**YOUR GOAL**
Only the lines below from the one that contains "5月25日,在天津大劇院音樂" through the one that contains "Cocina con barra" should appear in your answer, exact and without pictures.

**GIVEN DATA**

# # # # #

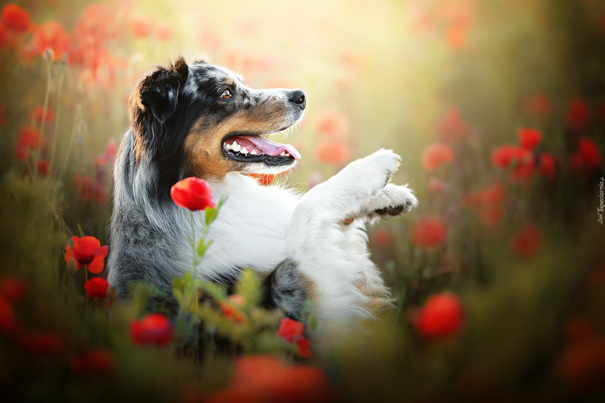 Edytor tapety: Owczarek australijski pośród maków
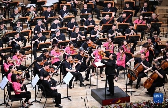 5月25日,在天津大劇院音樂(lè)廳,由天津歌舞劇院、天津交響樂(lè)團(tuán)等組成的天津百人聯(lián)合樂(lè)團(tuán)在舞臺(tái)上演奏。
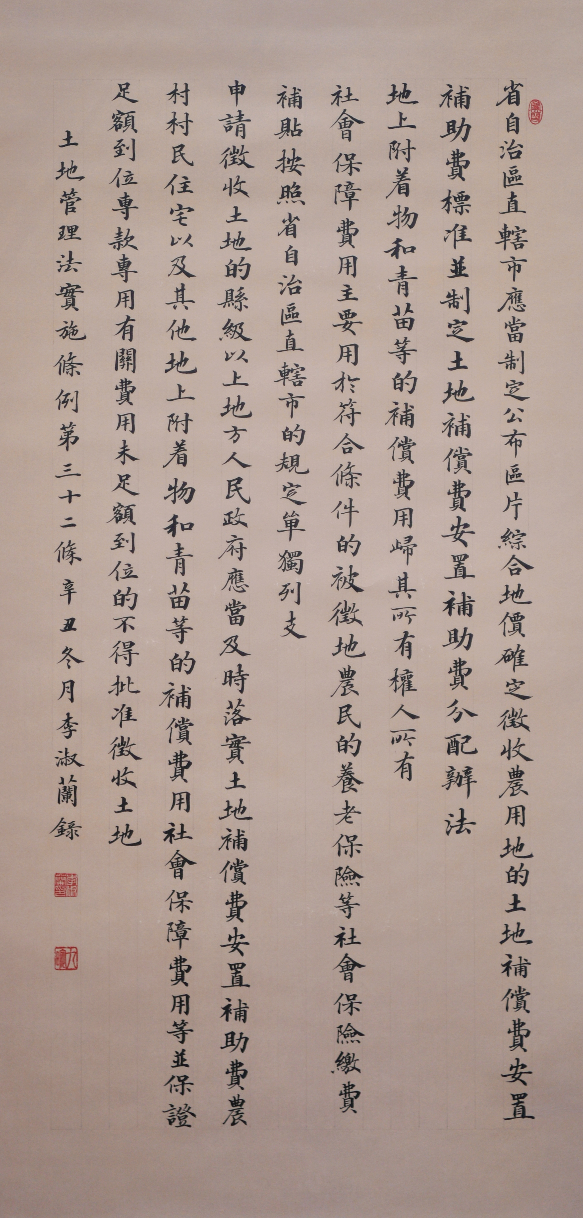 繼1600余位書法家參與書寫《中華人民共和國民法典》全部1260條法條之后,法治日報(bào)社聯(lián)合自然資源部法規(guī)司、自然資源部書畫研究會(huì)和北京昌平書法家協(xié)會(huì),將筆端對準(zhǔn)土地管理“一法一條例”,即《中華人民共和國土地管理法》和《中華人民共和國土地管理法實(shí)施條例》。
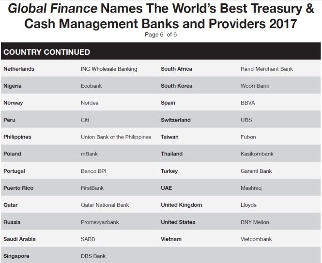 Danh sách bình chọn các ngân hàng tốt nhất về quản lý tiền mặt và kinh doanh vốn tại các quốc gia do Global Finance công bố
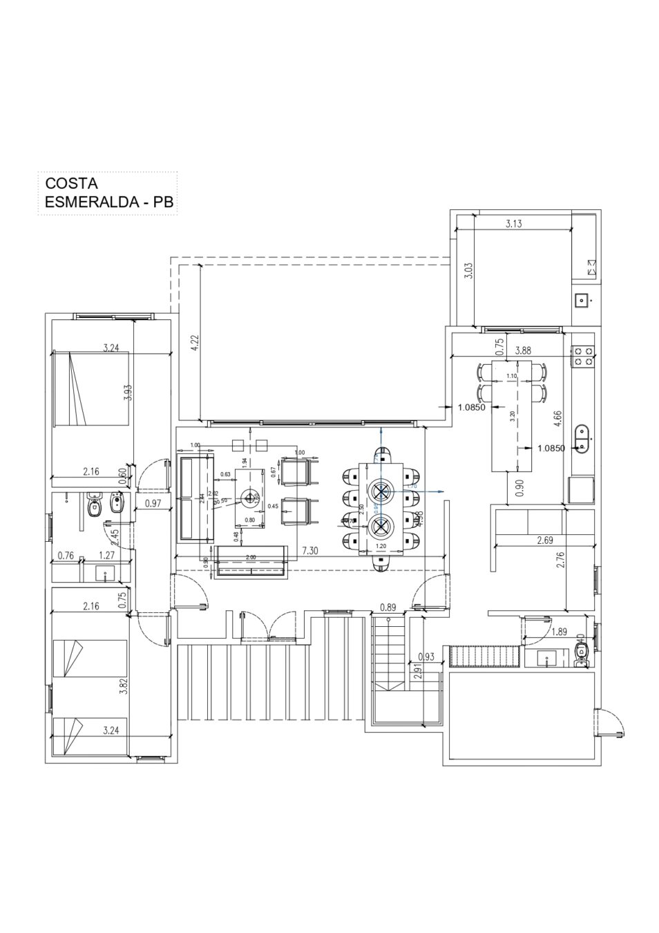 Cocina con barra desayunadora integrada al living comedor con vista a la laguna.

# # # # #

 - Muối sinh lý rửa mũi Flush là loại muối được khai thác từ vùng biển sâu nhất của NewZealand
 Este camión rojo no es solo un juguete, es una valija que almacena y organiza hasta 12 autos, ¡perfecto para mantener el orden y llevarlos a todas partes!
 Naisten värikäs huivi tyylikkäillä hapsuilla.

# # # # #

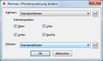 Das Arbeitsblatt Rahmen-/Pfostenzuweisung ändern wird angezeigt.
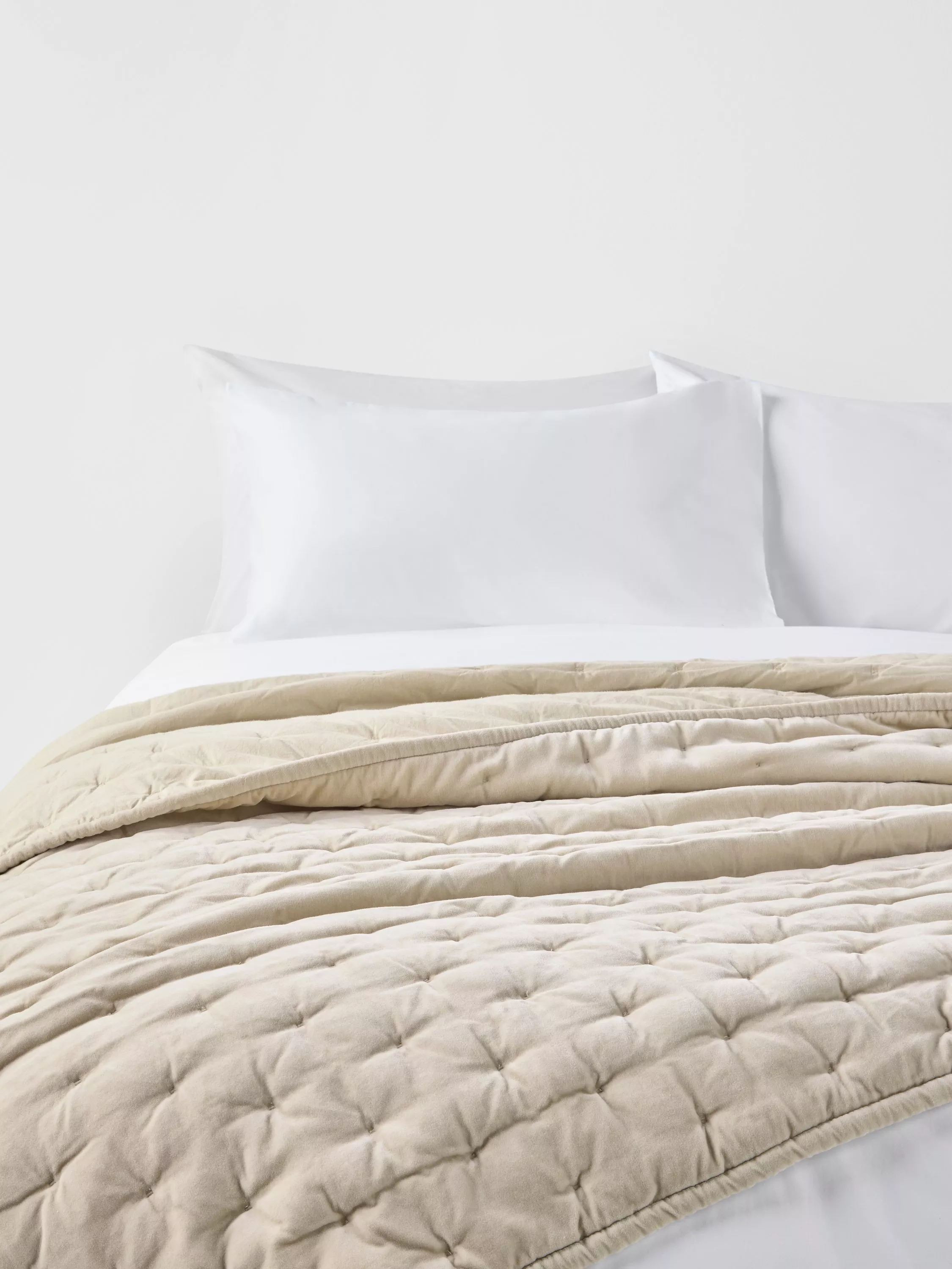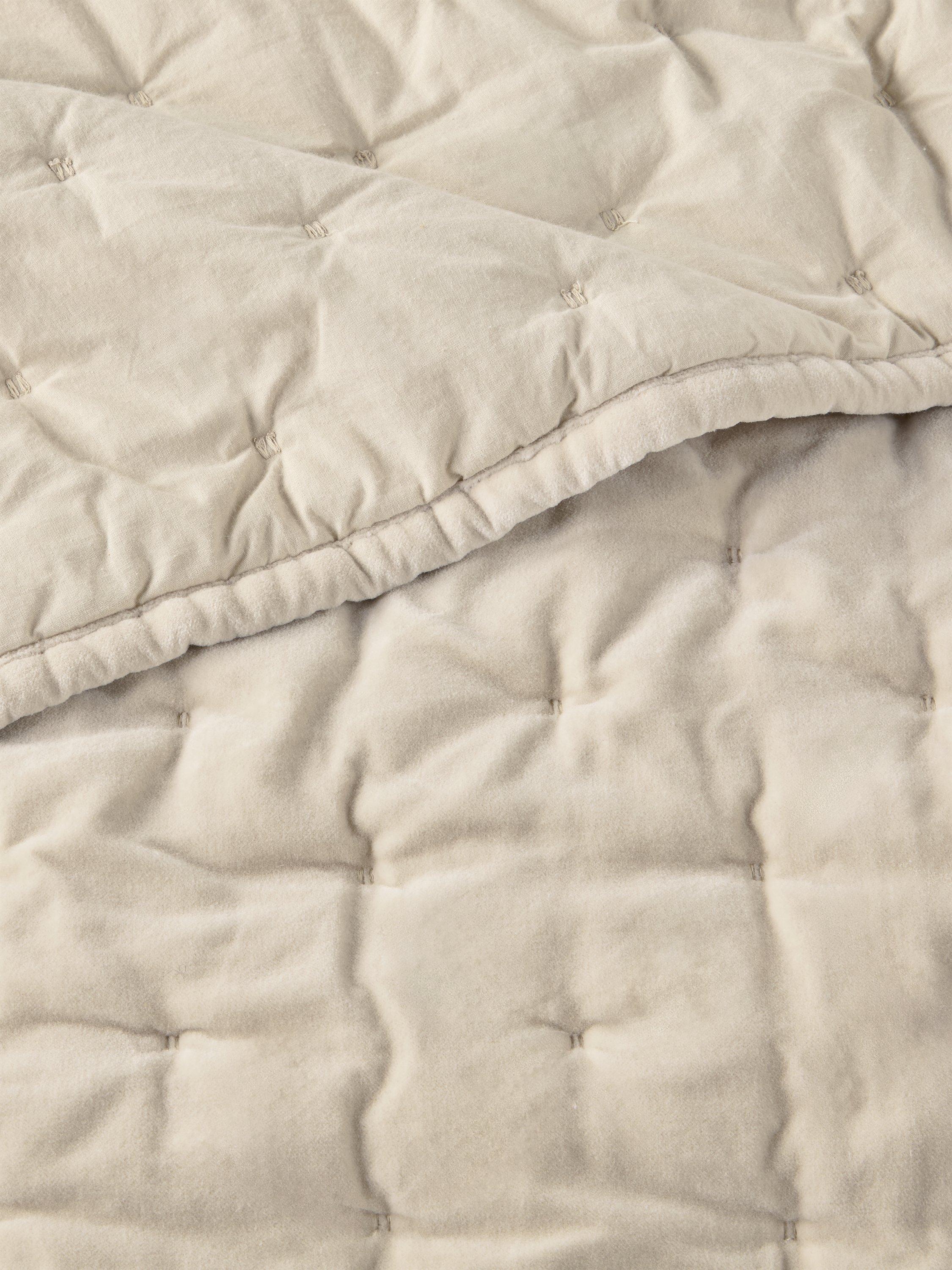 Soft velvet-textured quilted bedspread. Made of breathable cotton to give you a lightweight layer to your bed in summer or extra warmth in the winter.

# # # # #

**PROBLEM SOLUTION**
 5月25日,在天津大劇院音樂(lè)廳,由天津歌舞劇院、天津交響樂(lè)團(tuán)等組成的天津百人聯(lián)合樂(lè)團(tuán)在舞臺(tái)上演奏。
 繼1600余位書法家參與書寫《中華人民共和國民法典》全部1260條法條之后,法治日報(bào)社聯(lián)合自然資源部法規(guī)司、自然資源部書畫研究會(huì)和北京昌平書法家協(xié)會(huì),將筆端對準(zhǔn)土地管理“一法一條例”,即《中華人民共和國土地管理法》和《中華人民共和國土地管理法實(shí)施條例》。
 Danh sách bình chọn các ngân hàng tốt nhất về quản lý tiền mặt và kinh doanh vốn tại các quốc gia do Global Finance công bố
 Cocina con barra desayunadora integrada al living comedor con vista a la laguna.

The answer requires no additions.